[pgpool-general: 8725] Re: How does pgpool handle the due-failure problem?

Fri Apr 7 10:55:00 JST 2023

Hi Zhaoxun,

> Hi Tatsuo!
> 
> Thank you for testing.
> 
> In your example, I mean what if now localhost 11002 - the old primary
> postgresql - recovers, noticing standby is down and hence starts to serve
> as the primary with data0.

My answer is don't do that, because 11002 primary does not have the
recent data. You should work on recovering 11003 PostgreSQL as this is
the only server having the latest data.

For this reason I recommend you to have more than 1 standby servers so
that there's a good chance to have at least 1 alive standby server.

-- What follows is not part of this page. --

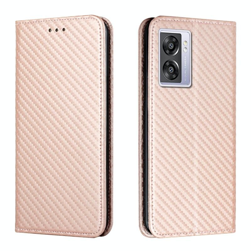 Για OPPO A57 2022 Carbon Fiber Texture Μαγνητική Flip δέρμα τηλέφωνο υπόθεση (Rose Gold)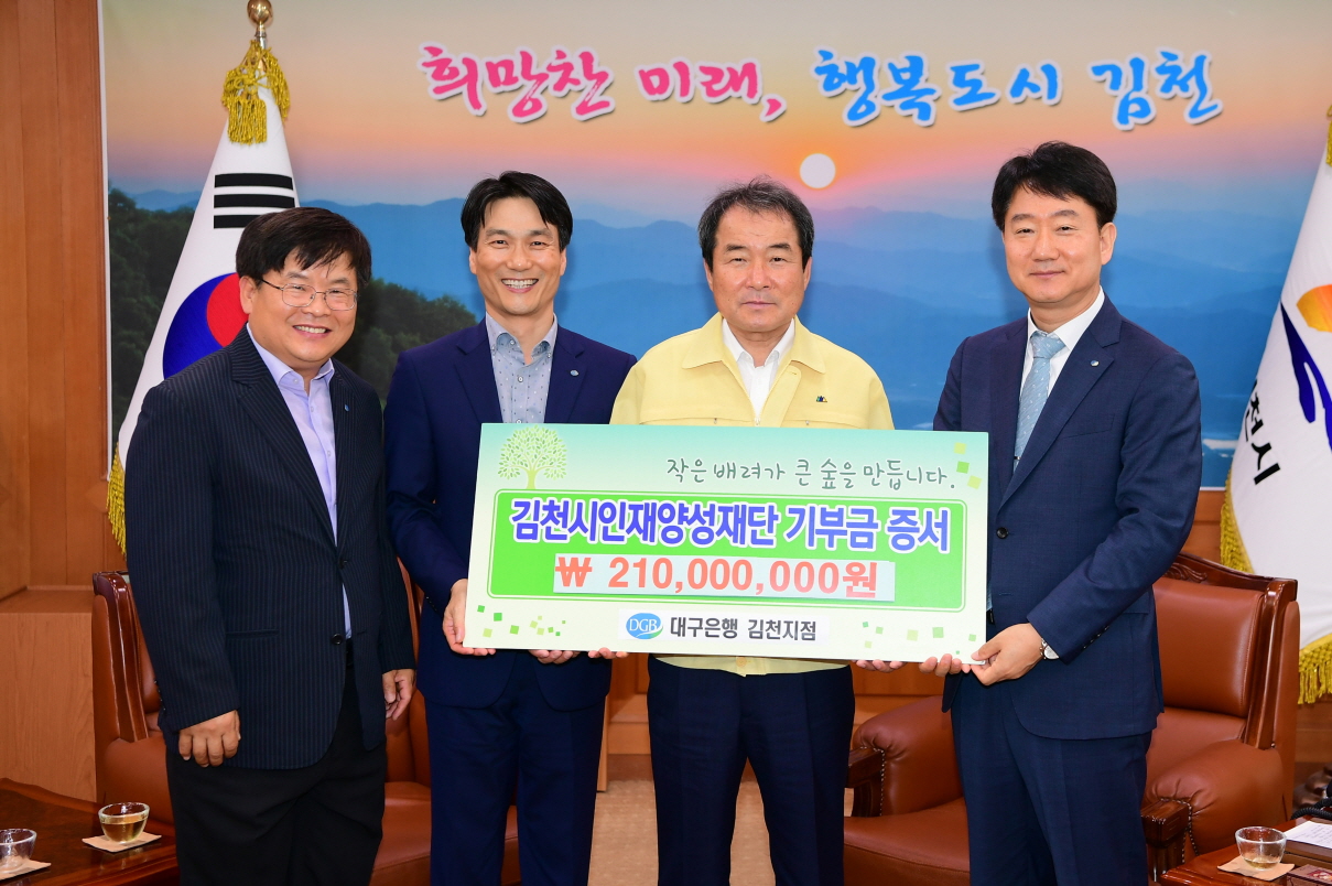 | 대구은행 김천지점(지점장 박영효)에서 7월 10일 김천시청을 방문하여 김천시인재양성재단(이사장 김충섭)에 장학기금 2억1천만원을 기탁했다.

> Later, as the old standby recovers, it must
> follow the old primary as standby, therefore loses all the data it updated
> to data1 while the old primary is down.
> 
> Best Regards,
>   Zhaoxun
> 
> On Thu, Apr 6, 2023 at 1:55 PM Tatsuo Ishii <ishii at sraoss.co.jp> wrote:
> 
>> > Suppose we have two servers, under extreme circumstances two may both
>> fail.
>> > Now that we face 4 possibilities:
>> >
>> > 1) Master fail -> Standby self-promote -> Standby fail -> old Master
>> > recover ?
>> > 2) Master fail -> Standby self-promote -> Standby fail -> Standby and new
>> > Master recover?
>> > 3) Standby fail -> Master fail -> Standby Recover?
>> > 4) Standby fail -> Master fail -> Master recover?
>> >
>> > 1 and 3 are especially hazardous because the only recovered server may
>> view
>> > itself as the current master and hence lose data during its failure
>> time. I
>> > believe when only one server wakes up it should stay and wait for the
>> other
>> > server to recover before negotiating who should be the new master.
>> >
>> > Does pgpool have such a mechanism?
>>
>> For #1 yes.
>>
>> # initial state: primary and standby are up.
>> $ pcp_node_info -w -p 11001
>> localhost 11002 1 0.500000 waiting up primary primary 0 none none
>> 2023-04-06 14:37:42
>> localhost 11003 1 0.500000 waiting up standby standby 0 streaming async
>> 2023-04-06 14:37:42
>>
>> # master fail. stop the primary.
>> $ pg_ctl -D data0 stop
>> waiting for server to shut down.... done
>> server stopped
>>
>> # the primary down and the standby self-promote.
>> $ pcp_node_info -w -p 11001
>> localhost 11002 3 0.500000 down down standby unknown 0 none none
>> 2023-04-06 14:38:27
>> localhost 11003 1 0.500000 waiting up primary primary 0 none none
>> 2023-04-06 14:38:27
>>
>> # the (old) standby fail.
>> $ pg_ctl -D data1 stop
>> waiting for server to shut down.... done
>> server stopped
>> $ pcp_node_info -w -p 11001
>> pcp_node_info -w -p 11001
>> localhost 11002 3 0.500000 down down standby unknown 0 none none
>> 2023-04-06 14:38:27
>> localhost 11003 3 0.500000 down down standby unknown 0 none none
>> 2023-04-06 14:38:55
>>
>> # now pgpool does not accept any connection from clients.
>> $ psql -p 11000 test
>> psql: error: connection to server on socket "/tmp/.s.PGSQL.11000" failed:
>> ERROR:  pgpool is not accepting any new connections
>> DETAIL:  all backend nodes are down, pgpool requires at least one valid
>> node
>> HINT:  repair the backend nodes and restart pgpool
>>
>> #2 is basically same because after both the primary and the stabdby go
>>  down, pgpool won't accept connection from clients.
>>
>> For #3 and #4, I am not sure what you mean. Maybe you mean the case
>> when no failover command is configured (thus no self-promote)? If so,
>> the result is same as #1 and #2.
>>
>> Best reagards,
>> --
>> Tatsuo Ishii
>> SRA OSS LLC
>> English: http://www.sraoss.co.jp/index_en/
>> Japanese:http://www.sraoss.co.jp
>>